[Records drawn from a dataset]
==========

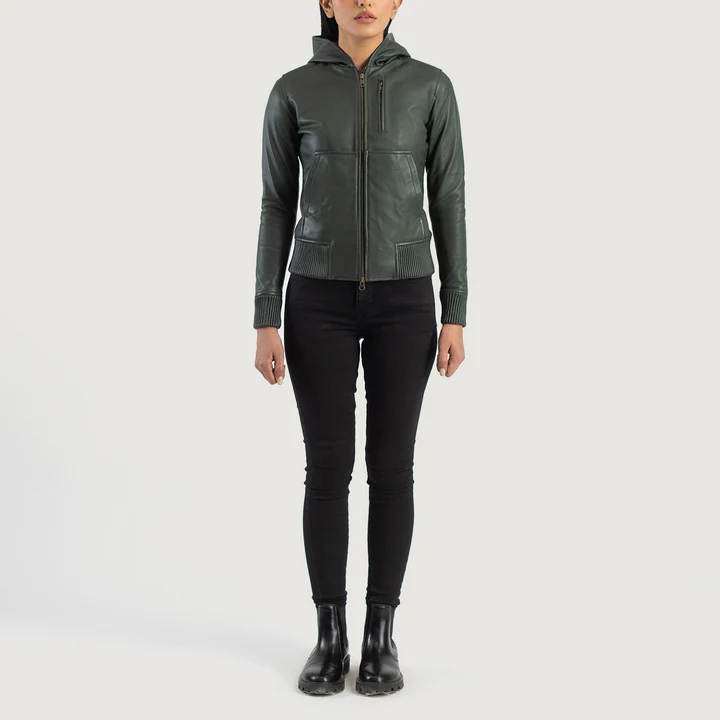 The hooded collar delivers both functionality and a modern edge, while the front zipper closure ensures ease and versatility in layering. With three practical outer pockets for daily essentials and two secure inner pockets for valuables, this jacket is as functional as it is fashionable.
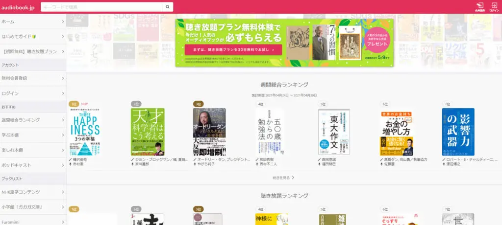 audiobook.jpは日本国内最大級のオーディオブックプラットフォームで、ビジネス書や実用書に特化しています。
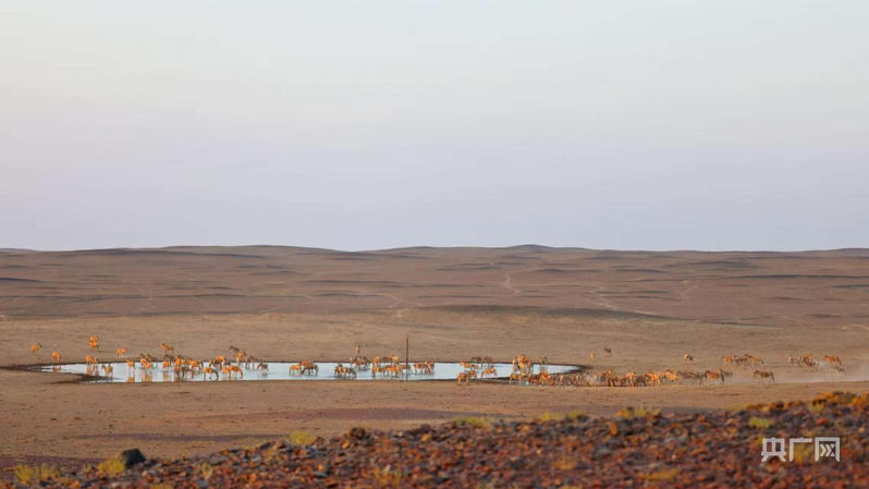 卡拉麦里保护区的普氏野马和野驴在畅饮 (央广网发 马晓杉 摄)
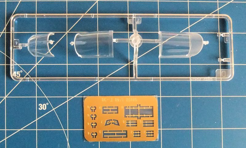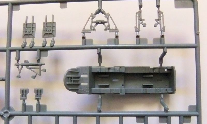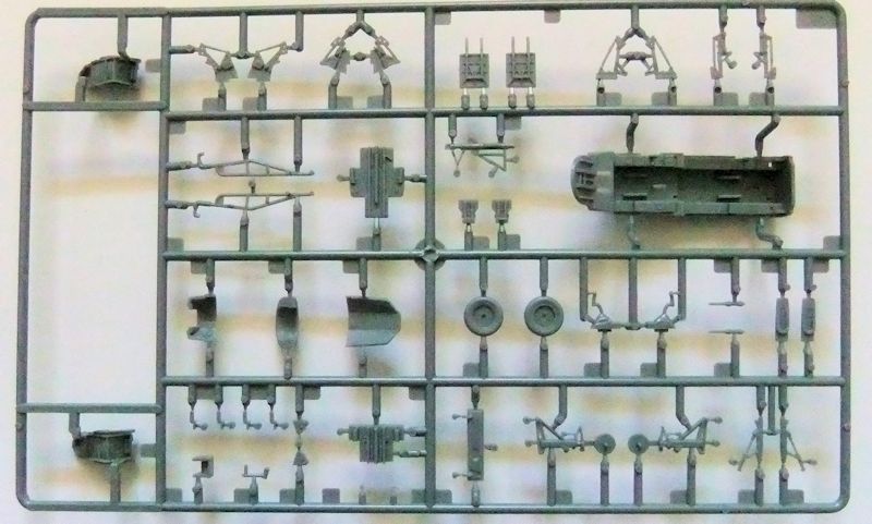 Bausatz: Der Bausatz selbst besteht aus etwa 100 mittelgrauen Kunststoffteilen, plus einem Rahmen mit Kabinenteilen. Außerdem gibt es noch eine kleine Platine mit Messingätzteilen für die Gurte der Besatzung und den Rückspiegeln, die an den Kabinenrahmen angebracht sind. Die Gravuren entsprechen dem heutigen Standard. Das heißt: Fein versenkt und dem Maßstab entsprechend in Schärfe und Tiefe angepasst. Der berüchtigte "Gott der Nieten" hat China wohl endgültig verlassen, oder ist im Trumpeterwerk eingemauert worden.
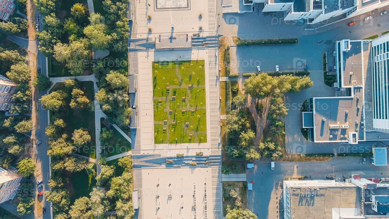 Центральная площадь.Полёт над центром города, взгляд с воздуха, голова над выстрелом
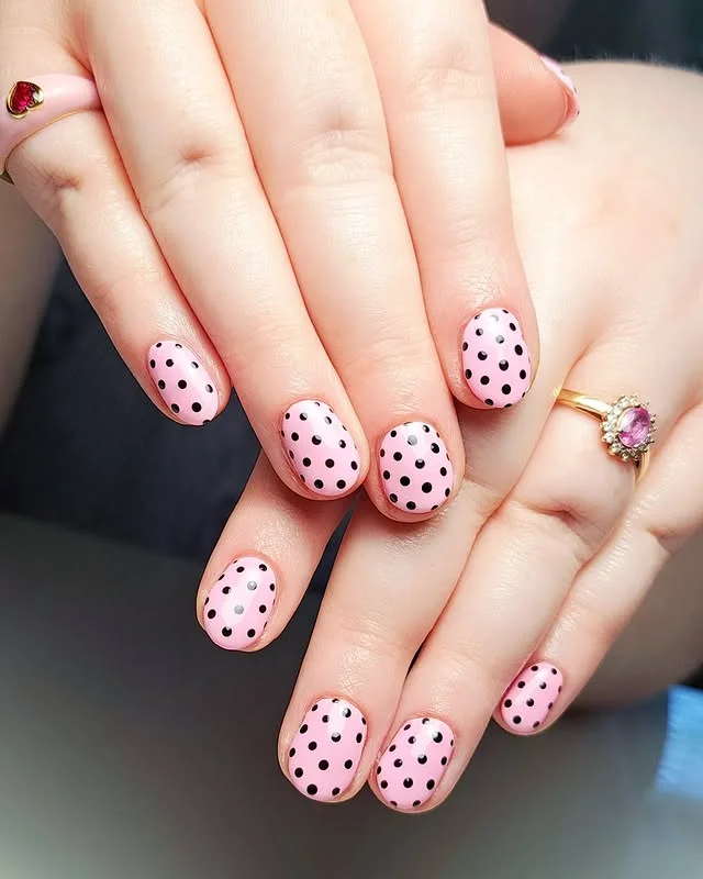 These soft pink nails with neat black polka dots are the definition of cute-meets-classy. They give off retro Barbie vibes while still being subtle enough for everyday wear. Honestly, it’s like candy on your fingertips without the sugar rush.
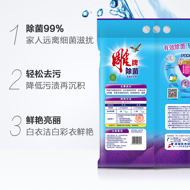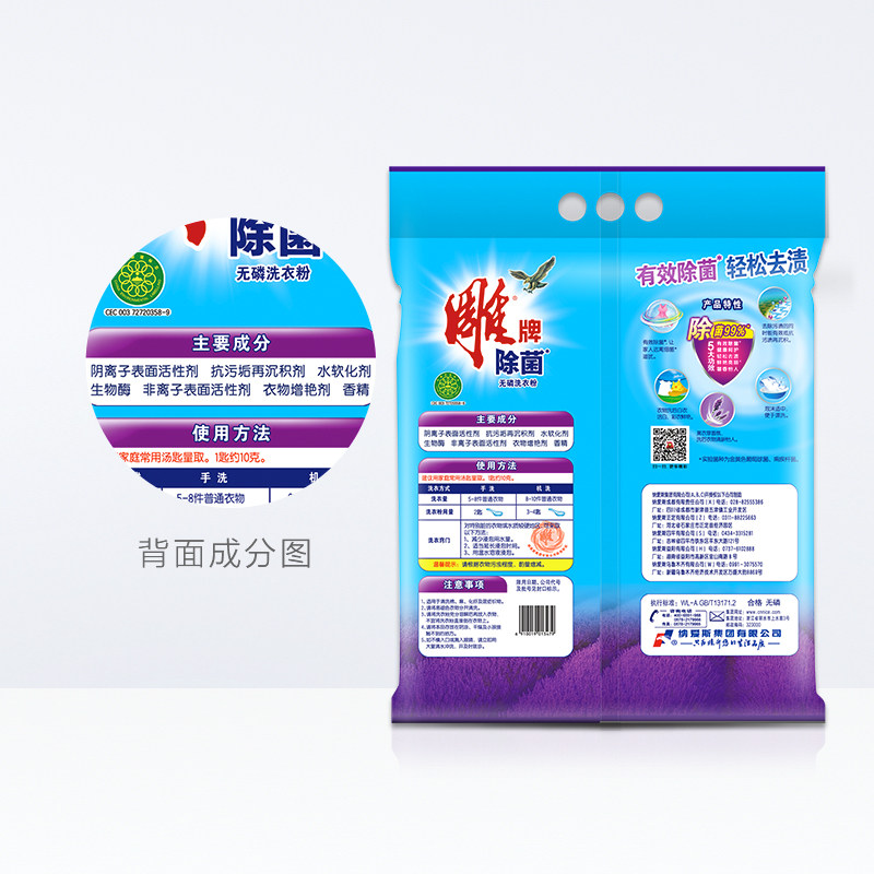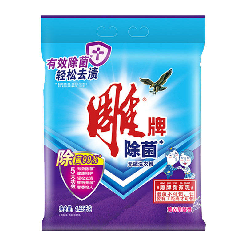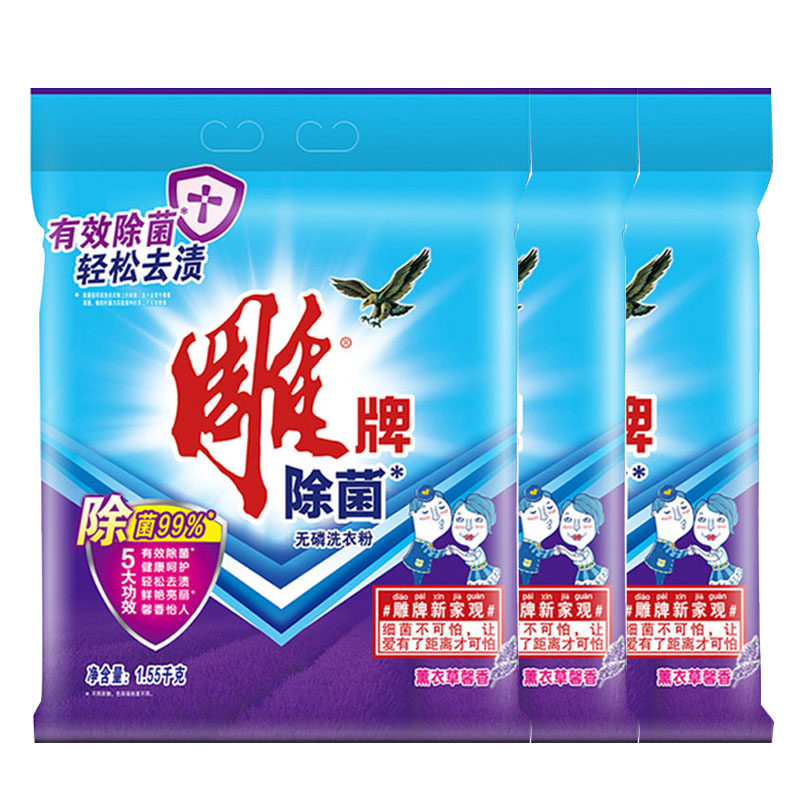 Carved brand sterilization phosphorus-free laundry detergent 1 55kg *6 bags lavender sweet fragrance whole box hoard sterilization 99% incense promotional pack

==========

## TASK BRIEF
I would like the data copied exactly as it stands, with no pictures included.

## SOLUTION FOR THIS EXERCISE
 The hooded collar delivers both functionality and a modern edge, while the front zipper closure ensures ease and versatility in layering. With three practical outer pockets for daily essentials and two secure inner pockets for valuables, this jacket is as functional as it is fashionable.
 audiobook.jpは日本国内最大級のオーディオブックプラットフォームで、ビジネス書や実用書に特化しています。
 卡拉麦里保护区的普氏野马和野驴在畅饮 (央广网发 马晓杉 摄)
 Bausatz: Der Bausatz selbst besteht aus etwa 100 mittelgrauen Kunststoffteilen, plus einem Rahmen mit Kabinenteilen. Außerdem gibt es noch eine kleine Platine mit Messingätzteilen für die Gurte der Besatzung und den Rückspiegeln, die an den Kabinenrahmen angebracht sind. Die Gravuren entsprechen dem heutigen Standard. Das heißt: Fein versenkt und dem Maßstab entsprechend in Schärfe und Tiefe angepasst. Der berüchtigte "Gott der Nieten" hat China wohl endgültig verlassen, oder ist im Trumpeterwerk eingemauert worden.
 Центральная площадь.Полёт над центром города, взгляд с воздуха, голова над выстрелом
 These soft pink nails with neat black polka dots are the definition of cute-meets-classy. They give off retro Barbie vibes while still being subtle enough for everyday wear. Honestly, it’s like candy on your fingertips without the sugar rush.
 Carved brand sterilization phosphorus-free laundry detergent 1 55kg *6 bags lavender sweet fragrance whole box hoard sterilization 99% incense promotional pack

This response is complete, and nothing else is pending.